Thanks again for your help! Let me know if you require additional info.

without seeing the code, I have to make some deductions and guesses that I would not have to make if I could see the code.
I was guessing that the timeouts are mostly due to having a large number of concurrent requests. The best way to control that is to count them with a counting semaphore that would block when that count is reached. Given that the timeouts are on key_value_sync_write_in_progress - that indicates that the calls have a Durability specified - is that needed for your application? If the calls do not wait for the durability to be satisfied, the calls will be much, much faster. A kv operation can take less than a microsecond (not millisecond, microsecond) on the server. The SDK timeouts also include the network round-trip. Still,16 seconds is an eternity. The default is 2.5 seconds.
There is no way to update more than 16 paths - that limitation is in the server. The reason being that there is complexity to handling the atomicity and that becomes excessive beyond a small number of paths. (I wonder if this might be making subdoc operations with multiple paths that specify durability excessively long).

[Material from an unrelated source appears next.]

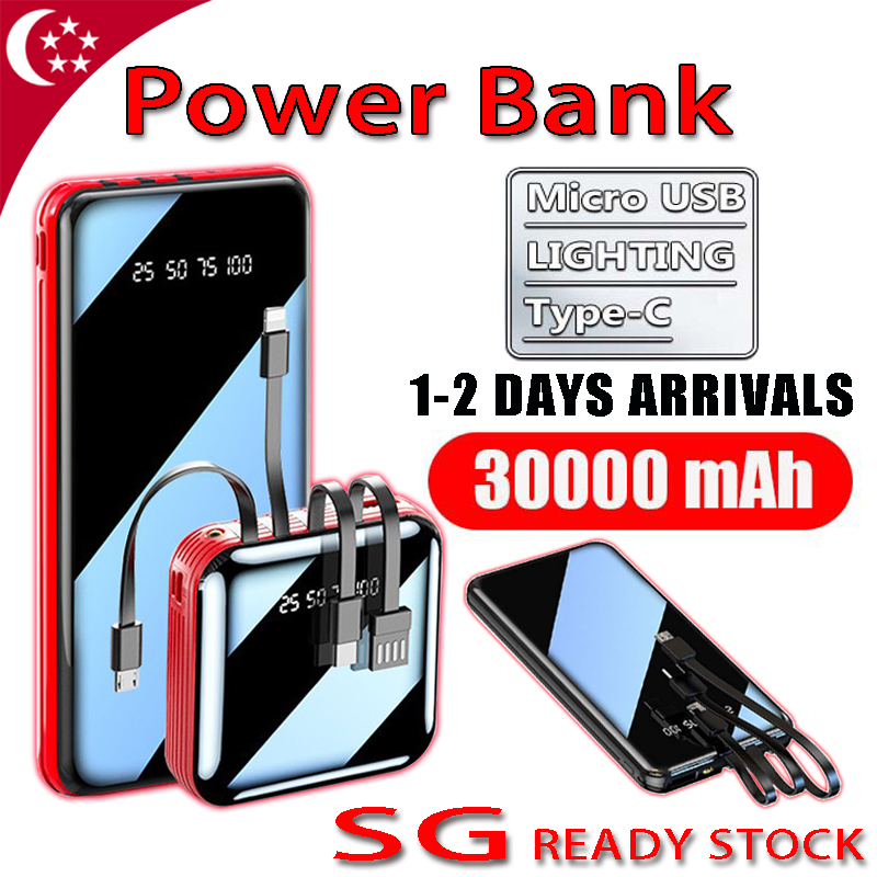 SG Ready Stock 30000mAh Mini Power Bank Dual USB Portable Fast Charging Digital Display Full Screen Built-in 3 Cables Powerbank External Battery

Hi, I’ve shared the code here — solving this could potentially help us address some of the other related issues as well.

The errors are primarily being raised inside the save_vtlist coroutine.

For reference, the cluster and bucket initialization happens in the __init__.py
I’ve copied the relevant parts as docstrings in the file itself. Let me know if you need any additional information.

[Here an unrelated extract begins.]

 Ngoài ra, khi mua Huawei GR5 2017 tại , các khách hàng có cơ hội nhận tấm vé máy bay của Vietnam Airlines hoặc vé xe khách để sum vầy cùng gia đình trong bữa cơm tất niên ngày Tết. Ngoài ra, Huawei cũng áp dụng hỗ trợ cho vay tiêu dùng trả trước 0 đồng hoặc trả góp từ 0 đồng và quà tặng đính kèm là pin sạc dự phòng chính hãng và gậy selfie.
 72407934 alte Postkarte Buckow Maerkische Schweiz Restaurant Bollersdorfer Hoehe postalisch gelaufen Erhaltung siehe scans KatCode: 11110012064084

I’ll post another file separately regarding why cluster initialization fails when only options are provided

Thank you so much for the support!

I don’t see anything in the code that limits the number of concurrent in-flight requests. Or even count the number of concurrent requests. Or log every operation. To troubleshoot execution, it’s helpful to understand the execution.

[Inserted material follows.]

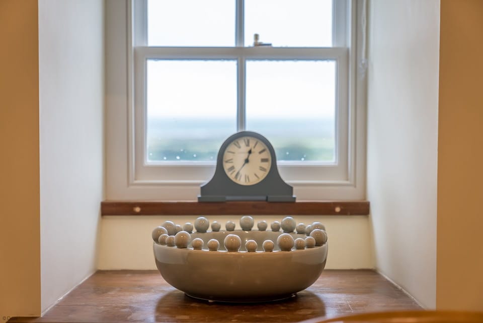 Access to a hallway from the open plan living space in this two bedroom traditional farm holiday cottage with outstanding views leads into two spacious bedrooms. The master bedroom features a double bed and is simply decorated in subtle tones with exposed beams to the vaulted ceiling. The second bedroom, a twin, is spacious and airy with chunky solid furniture to compliment the style of the cottage. A modern shower room between both bedrooms features a large curved shower cubicle with a large rain forest shower head, and a smaller multi-purpose hand held head. The modern sink unit provides ample storage space for toiletries.

Perhaps not directly related to the timeout, but it looks like if the DocumentNotFoundException is returned when _ == 1, the same mutate_in() call will be made with _ == 2, getting the same DocumentNotFoundException.

 for _ in range(3):
       try:
           await collection_vt.mutate_in(sid, csd_list)
           break
       except DocumentNotFoundException:
           if _ == 2:
               await collection_vt.upsert(sid, {"sid": sid, "available": vtlist})
               break
       except CouchbaseException:
           await aio.sleep(0.1)
           continue
       except Exception as e:
           print(f"record_available_vtlist error({sid}) : ", e)
           break

Yeah, this is how the current setup is. Could you share a reference or code snippet that demonstrates handling concurrent in-flight requests using an async connector?

You could use the synchronous api.
You could use only one WORKER instead of 5.
You could use a rate-limiting semaphore loaddriver/src/main/java/com/example/load/LoadThread.java at master · mikereiche/loaddriver · GitHub
You could use a counter such as maxRequestsInParallel (also in LoadThread).
You could use a longer timeout, such as 7.5 seconds, since your code makes up to 3 attempts (of 2.5 seconds).